▶ [About this task] Print verbatim the lines from the beginning of the entries through the line containing "马伊琍和空姐的合影,素颜挺美的。旁边空姐怎么那么像王珞丹", both ends included. Pictures should be left out.

(Available data)

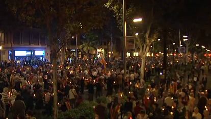 Miles de gargantas cantan "Els Segadors" con velas encendidas en el aire. Se escuchan proclamas como "Fuera la justícia española". pic.twitter.com/yMXOFW2dBx
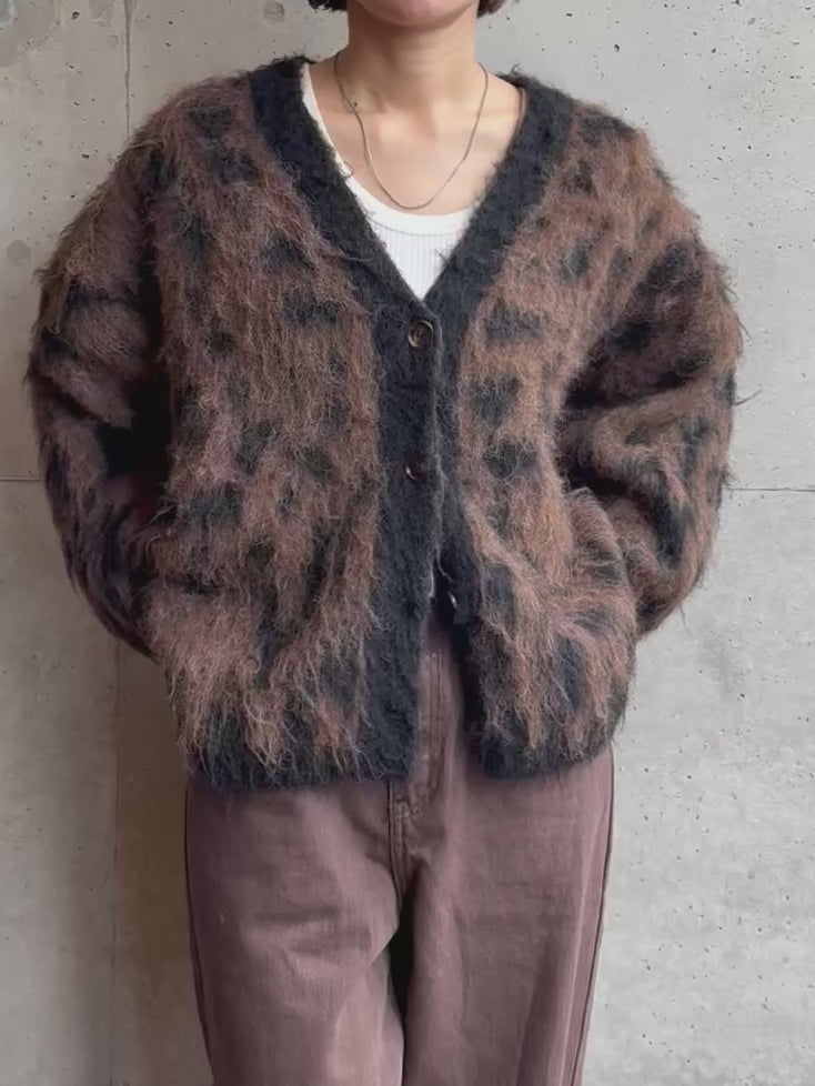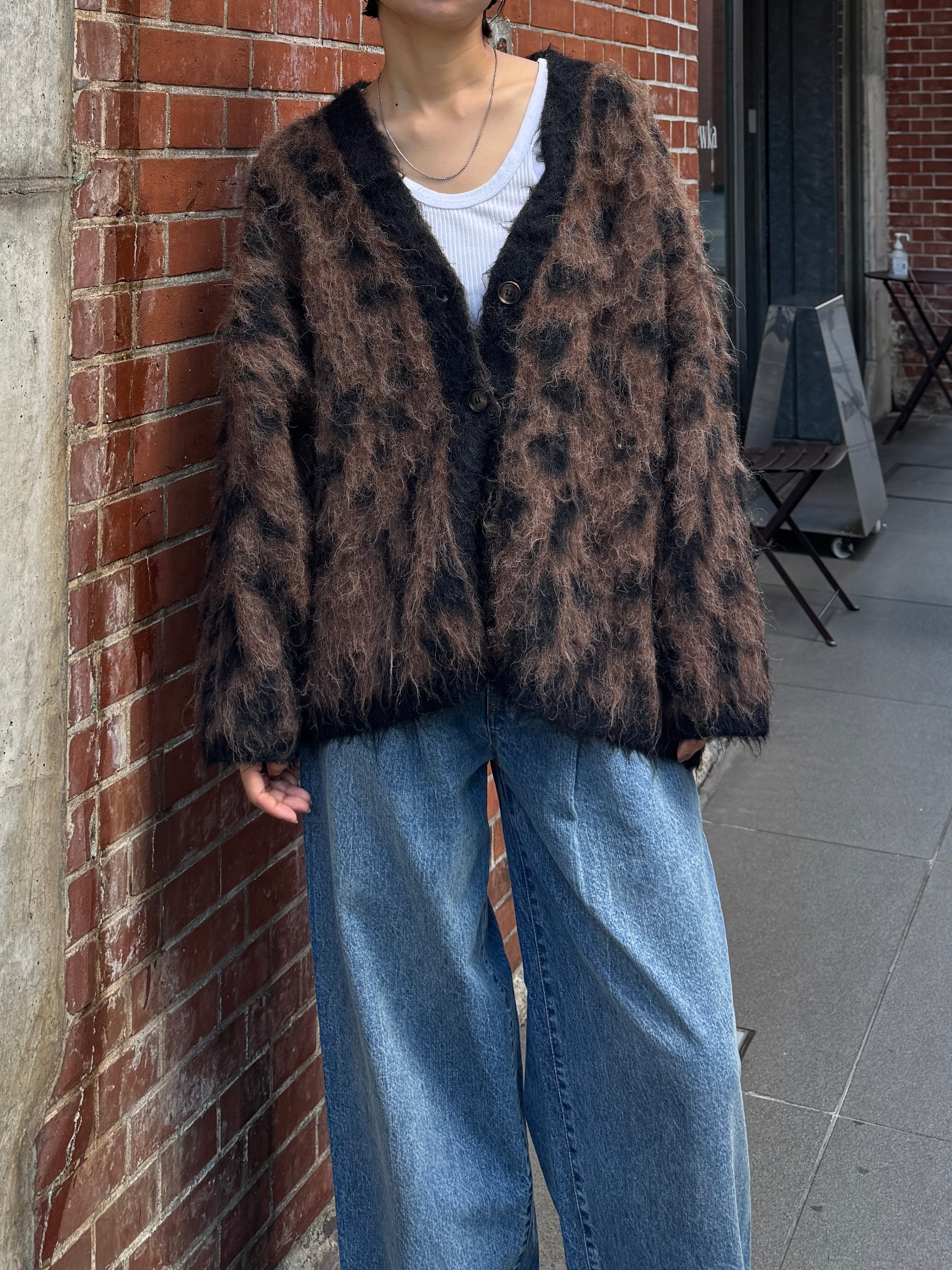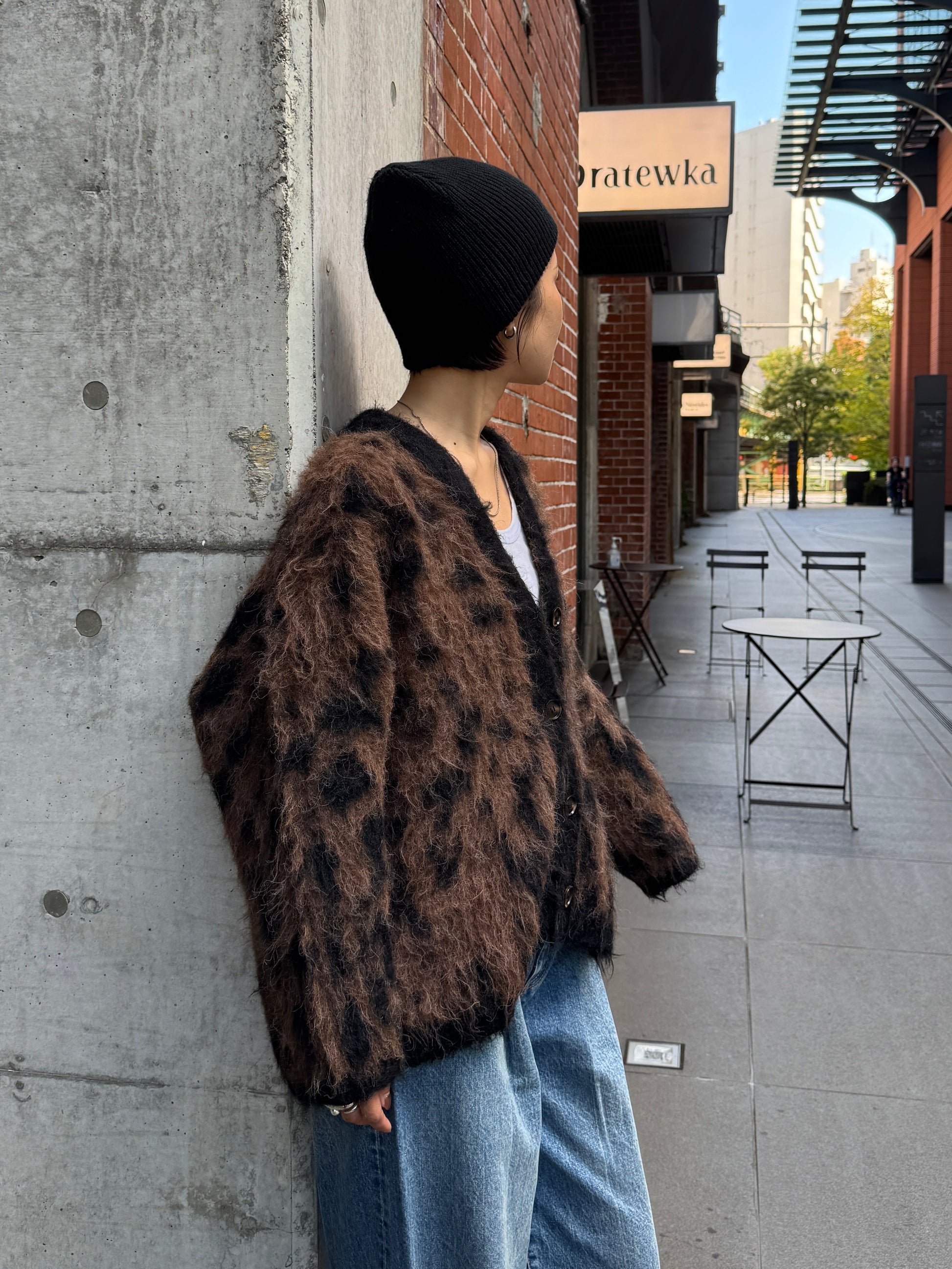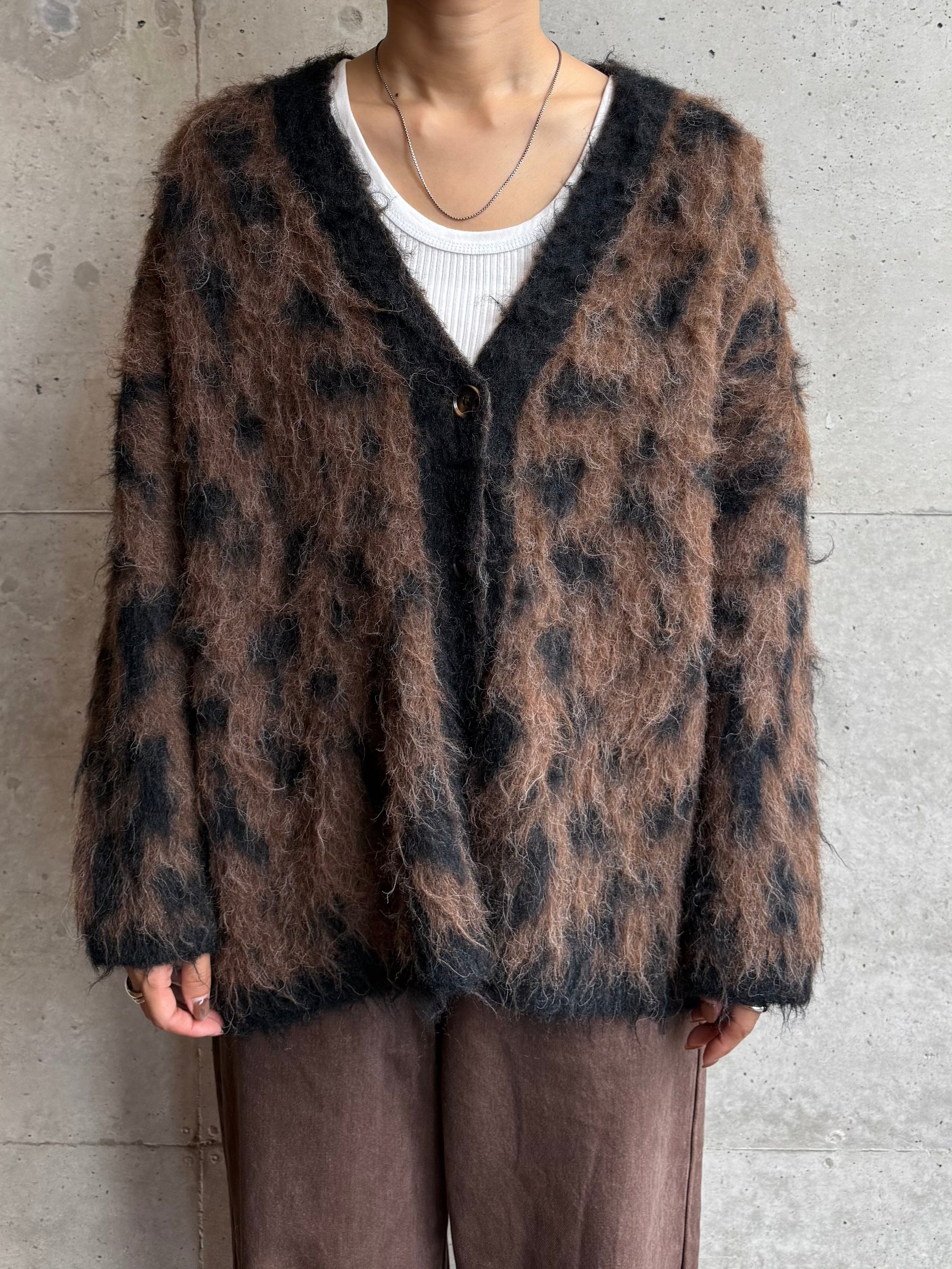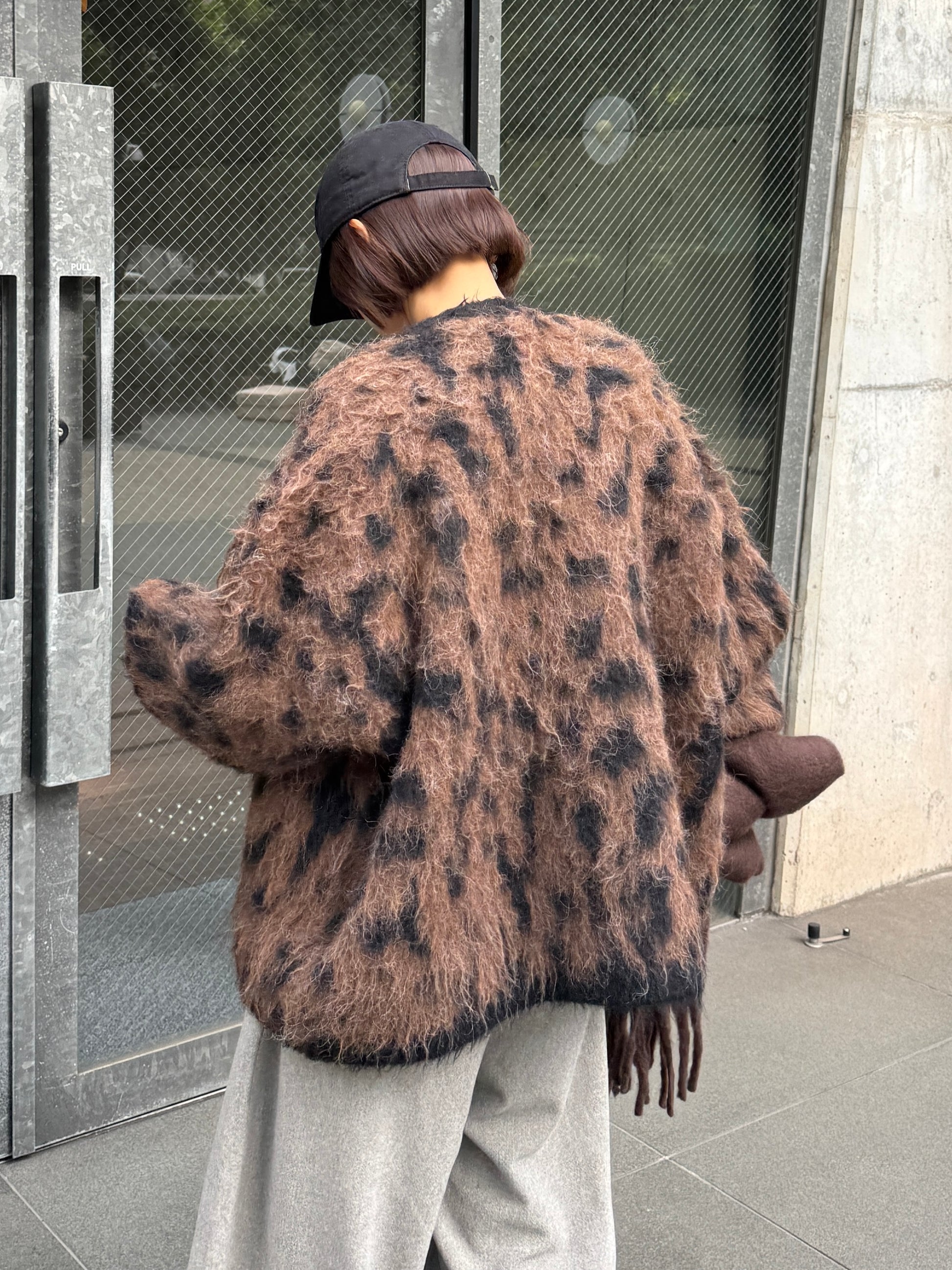 ふんわりとした毛足が印象的な、レオパード柄のシャギーカーディガン。
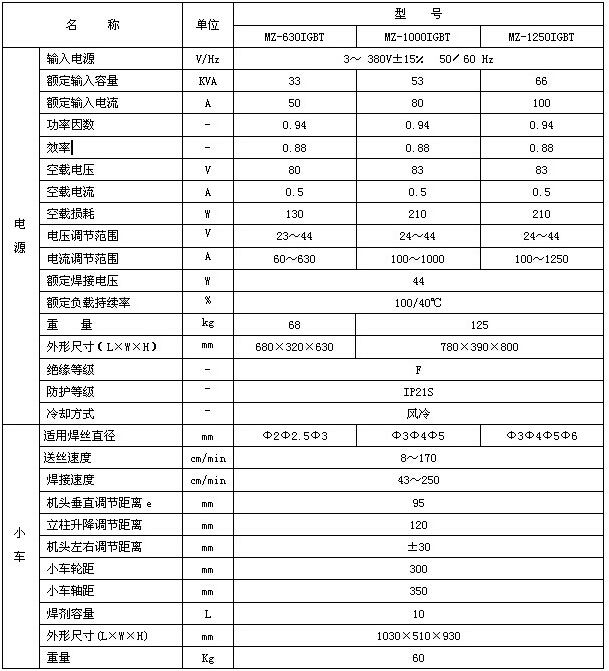 MZ-630、1000、1250IGBT逆變式自動埋弧焊機
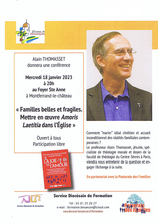 Le professeur Alain Thomasset, jésuite, spécialiste de théologie morale et doyen de la faculté de théologie du Centre Sèvres à Paris, viendra nous entretenir de a question et engager l'échange ensuite.
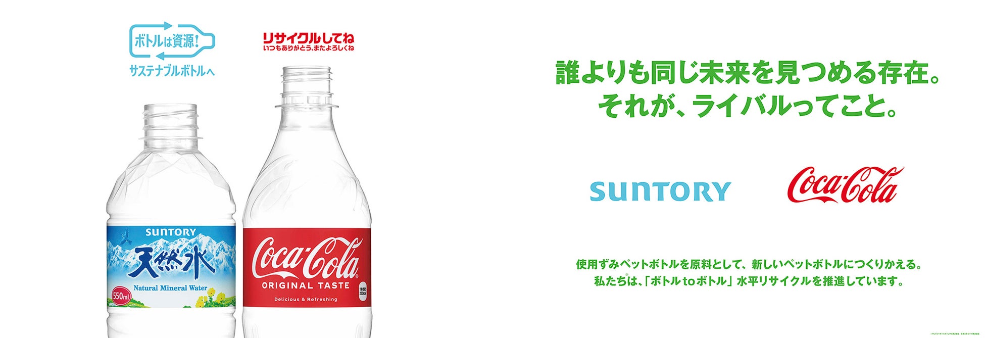 コカ・コーラとサントリー、「ボトルtoボトル」水平リサイクルの啓発コミュニケーションで協業 (Commerce Pick)https://www.commercepick.com/archives/35220
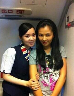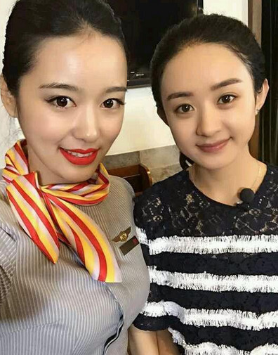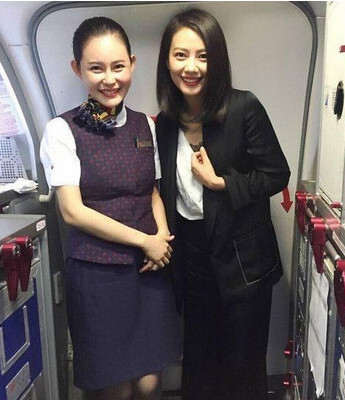 马伊琍和空姐的合影,素颜挺美的。旁边空姐怎么那么像王珞丹
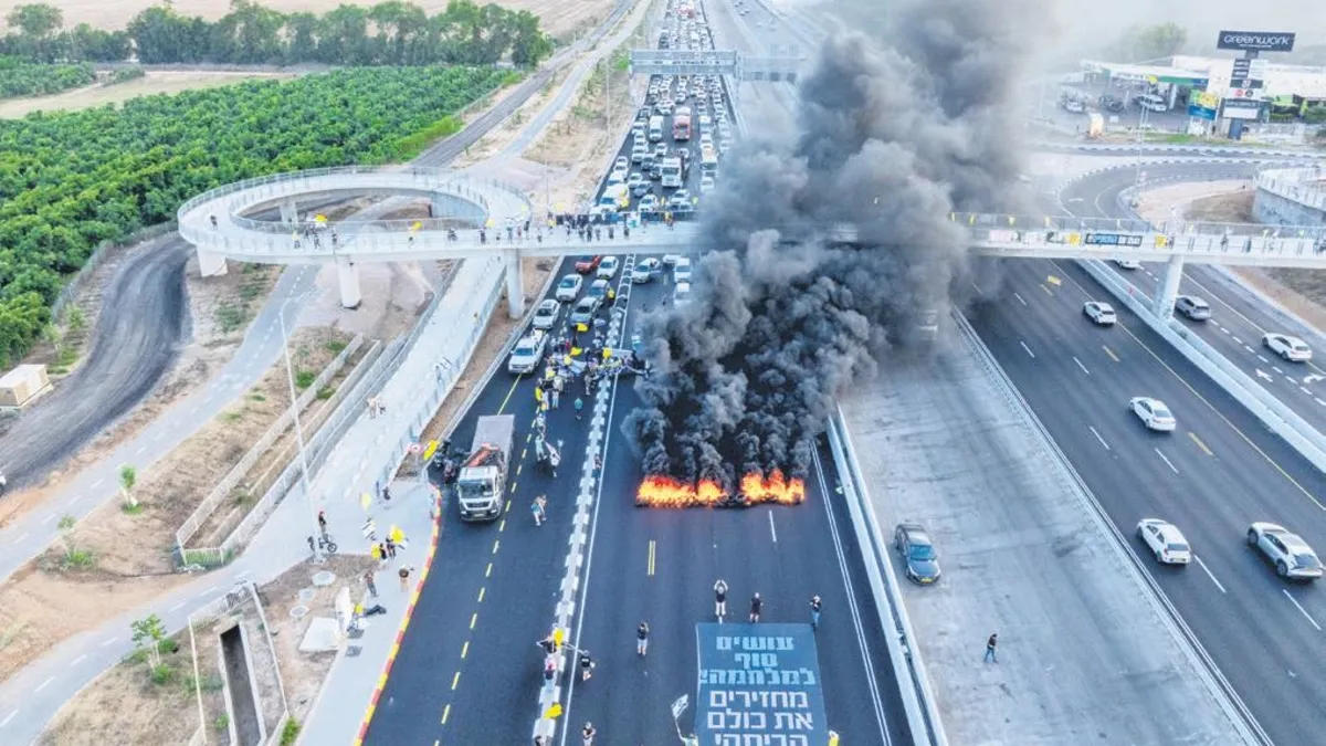 Tel Aviv'in ana arterlerinden Ayalon otoyolu dahil olmak üzere Kudüs'e giden 1 numaralı otoyolu sabah erken saatlerden bu yana trafiğe kapatan protestocular, ülkeyi Akdeniz sahili boyunca kuzeyden güneye kateden 4 numaralı otoyolda da uzun süre eylem yaparak trafik akışını engelledi. Yol kapatma eylemleri gerçekleştiren bazı göstericilerin yollarda lastik yaktığı görüldü. İsrail'in Gazze Şeridi'ne saldırılarını sona erdirerek derhal masadaki ateşkes ve esir takası anlaşmasını imzalamasını isteyen onlarca gösterici de bakanların evinin önünde protesto düzenliyor. AA

(End Available data)

▶ [Answer to this exercise]
 Miles de gargantas cantan "Els Segadors" con velas encendidas en el aire. Se escuchan proclamas como "Fuera la justícia española". pic.twitter.com/yMXOFW2dBx
 ふんわりとした毛足が印象的な、レオパード柄のシャギーカーディガン。
 MZ-630、1000、1250IGBT逆變式自動埋弧焊機
 Le professeur Alain Thomasset, jésuite, spécialiste de théologie morale et doyen de la faculté de théologie du Centre Sèvres à Paris, viendra nous entretenir de a question et engager l'échange ensuite.
 コカ・コーラとサントリー、「ボトルtoボトル」水平リサイクルの啓発コミュニケーションで協業 (Commerce Pick)https://www.commercepick.com/archives/35220
 马伊琍和空姐的合影,素颜挺美的。旁边空姐怎么那么像王珞丹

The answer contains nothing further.